Present: Senator Kefauver (presiding).
Also present: James C. Kirby, Jr., counsel for the subcommittee.
Senator KEFAUVER. The committee will come to order.

We have met again today particularly to hear any witnesses who want to testify in connection with Senate Joint Resolution 81 and Senate Joint Resolution 58, which would remove the poll tax as a prerequisite for voting in Federal office elections. Senator Stennis

was supposed to be with us today but, because of an urgent situation, he is not able to be here. So we will endeavor to determine another date with him to give him a chance to appear in person.

Now, Mr. Kirby, you have a number of statements to offer for the record, I believe.

Mr. KIRBY. Yes, sir.

Senator Sparkman has submitted a statement for inclusion in the record.

Senator KEFAUVER. Let it be made a part of the record. (The statement of Senator Sparkman follows:)


STATE OF ALABAMA Mr. Chairman, I appreciate this chance to oppose these antipoll tax measures, Senate Joint Resolution 81 and Senate Joint Resolution 58, which would take away right belonging to the States.

These Senate resolutions would prevent all States from levying a tax as a prerequisite for voting. While I realize a constitutional amendment would have to be ratified by three-fourths of the States, the passage of this amendment would inevitably result in further restricting the rights of States and the granting of more power to the Federal Government. There is a strong tide of grassroots sentiment against further Federal encroachments, and this sentiment is not limited to the South.

These resolutions seek the usurpation of the rights of Alabama, Mississippi, Arkansas, Texas, and Virginia. While these are the States at which they are obviously aimed, the truth of the matter is that they would affect other States directly and all 50 States indirectly. The Library of Congress informs me that should the proposed constitutional amendment become effective it would nullify certain voting laws in Florida, South Carolina, New Hampshire, and Rhode Island.


There is some question as to whether Maine has a poll tax. I want at this point to insert a portion of an editorial relating to that State's situation.


“A correspondent in the Christian Science Monitor drolly requests Congress to make the poll tax illegal in Maine as well as in the Southern States that still retain it.

"Maine's poll tax, he writes, is not exacted as a requirement of voting; in fact, it was originally imposed as a church assessment to pay the preachers. Today the poll tax is simply a source of revenue, the same as it is in most of the Southern States that impose it.

“But whereas the South attaches it to voting, Maine makes it a prerequisite to buying drivers' licenses and getting some hunting and fishing permits. The poll tax applies to males only; women get a driver's license at the regular price.

“The poll tax in Alabama * * * contributes several thousand dollars a year to education. Should the proposed antipoll tax amendemnt to the Constitution be ratified, Alabama might at least save the revenue by the Maine method. Driving a car is as much a privilege as voting, but it doesn't have the same box office appeal to the Constitution tinkers.-Montgomery (Ala.) Advertiser, March 10, 1960."

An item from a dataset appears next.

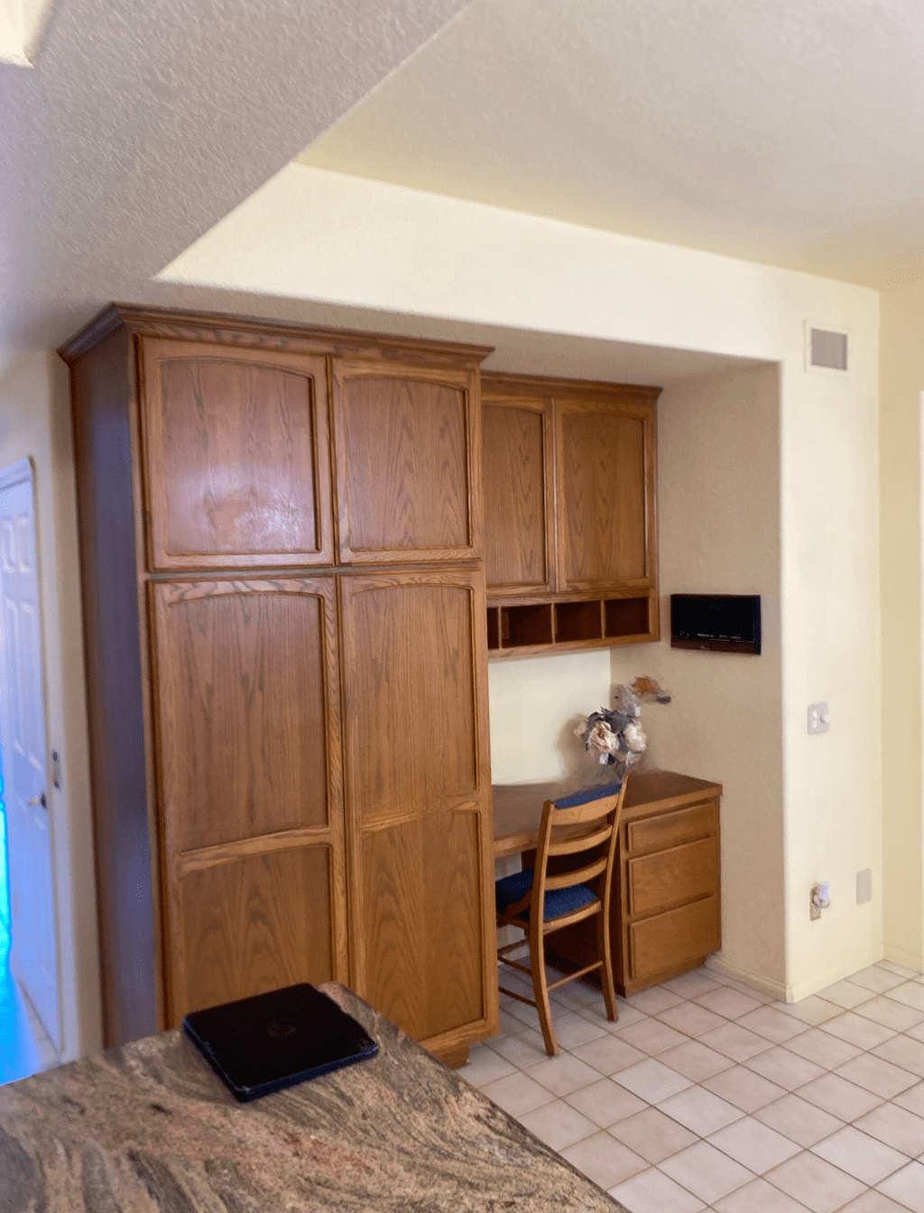 A dated 90’s style kitchen was transformed into a modern culinary space. Our team installed a custom walk-in pantry, a double oven cabinet, and a custom fabricated stove hood. We also added a spacious island, perfect for both food preparation and socializing, making it the heart of this beautiful kitchen.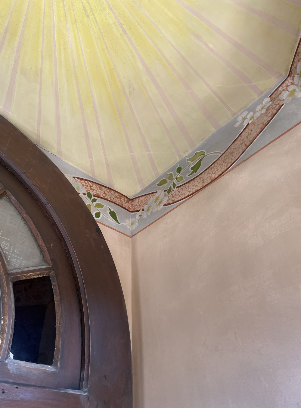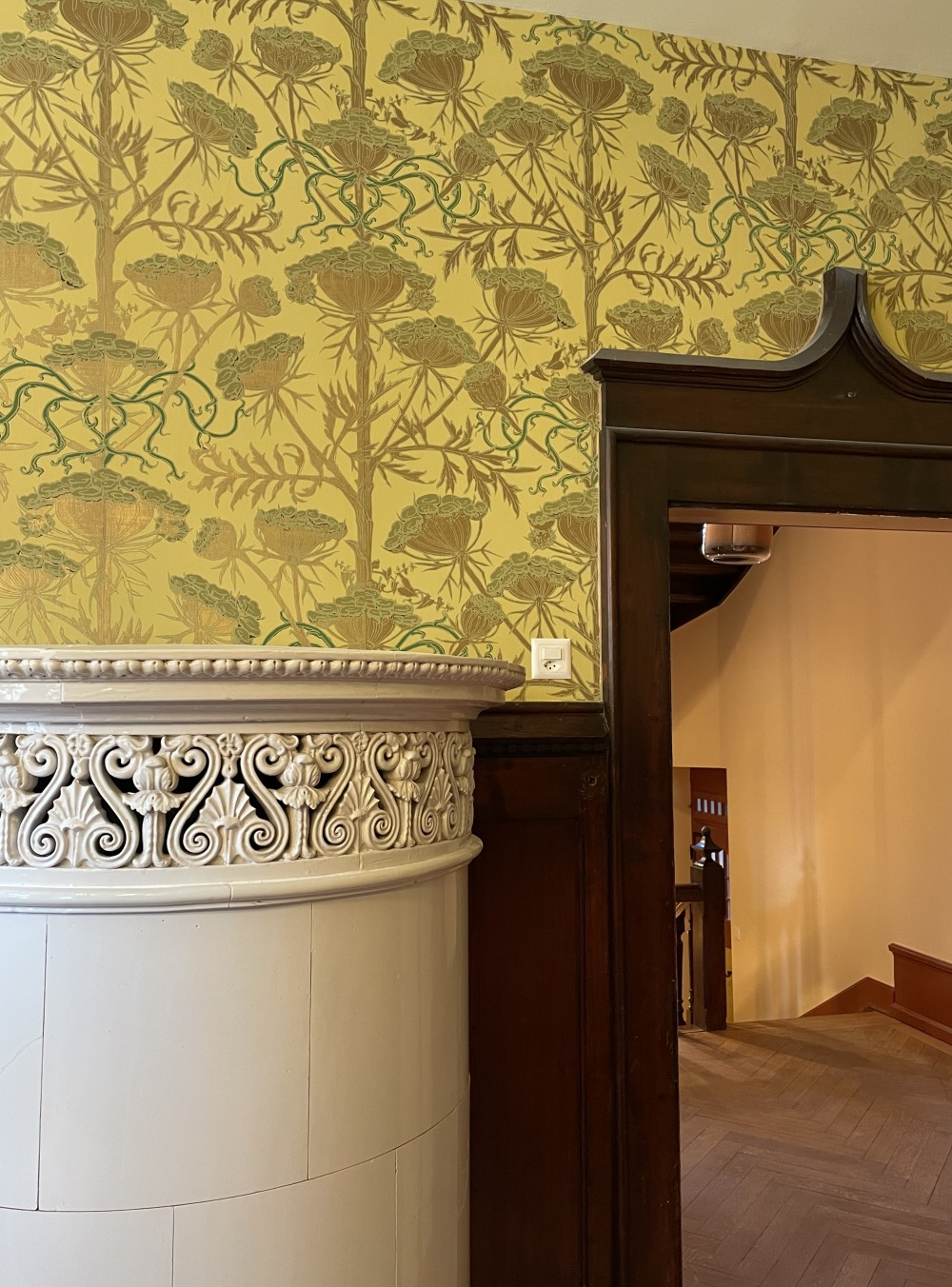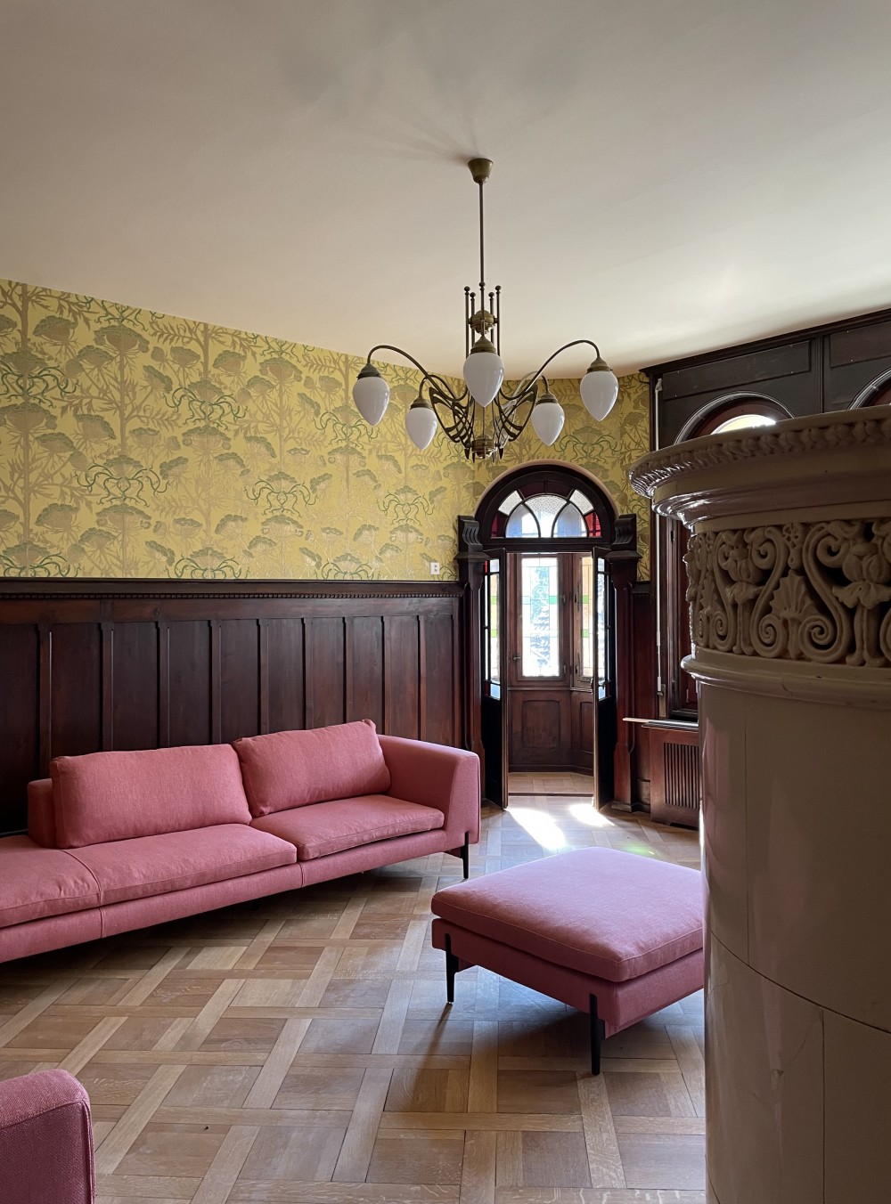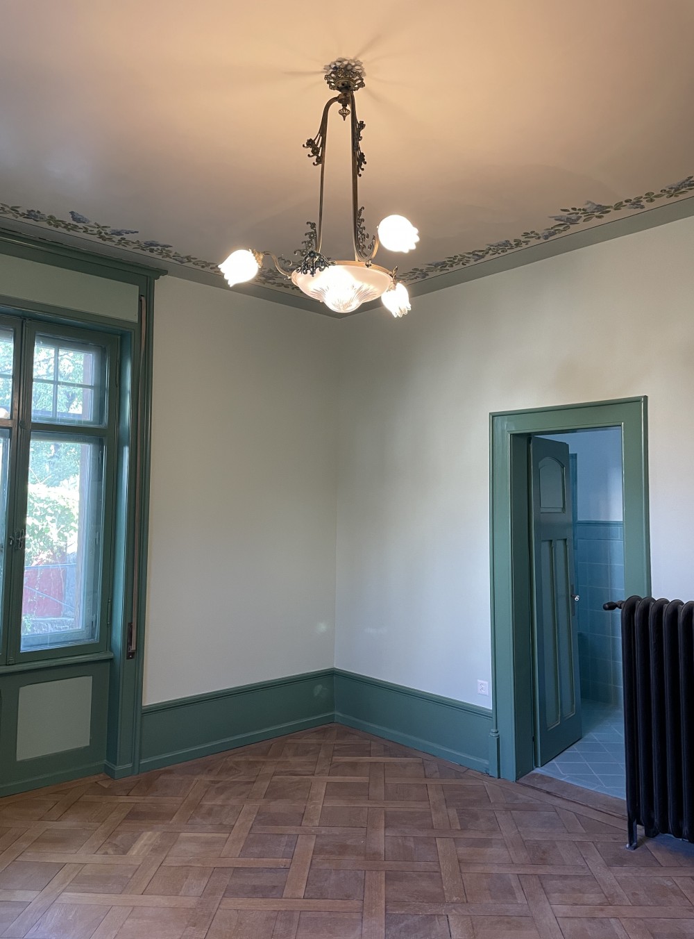 les surfaces de murs revêtues d’un enduit ribé synthétique pourraient être lissées au moyen d’un enduit à base de plâtre puis surpeintes selon le concept couleur défini au moyen d’une peinture intérieure mate sans composants synthétiques. idéalement, les lés de tapisserie moderne présents au niveau des murs et des plafonds devraient être éliminés, les surfaces concernées rhabillées puis surpeintes selon le concept couleur défini au moyen d’une peinture intérieure mate sans composants synthétiques.

While I have mentioned only a few States specifically affected, of course, all 50 States would be affected simply because a right is a right whether it is used or not.

Tampering with the right of the States to levy poll taxes can result in revenue losses to the States. The poll tax is a form of revenue collection used in the five Southern States to help operate their State governments. As we know so well, the Federal Government has moved steadily into many tax fields. Today there is little left for the States. It is possible that at some time in the future other States may want to levy a poll tax in order to meet financial needs.

My own State of Alabama charges a small poll tax, only $1.50 per year, and no one can be charged more than $3, or 2 years' tax, as a voting prerequisite.

We hear much about balancing the Federal budget, but we should not forget that the States are also having budget troubles. Although the revenue derived from the poll tax may seem to some to be small, it is of substantial importance to Alabama in the support of our public schools.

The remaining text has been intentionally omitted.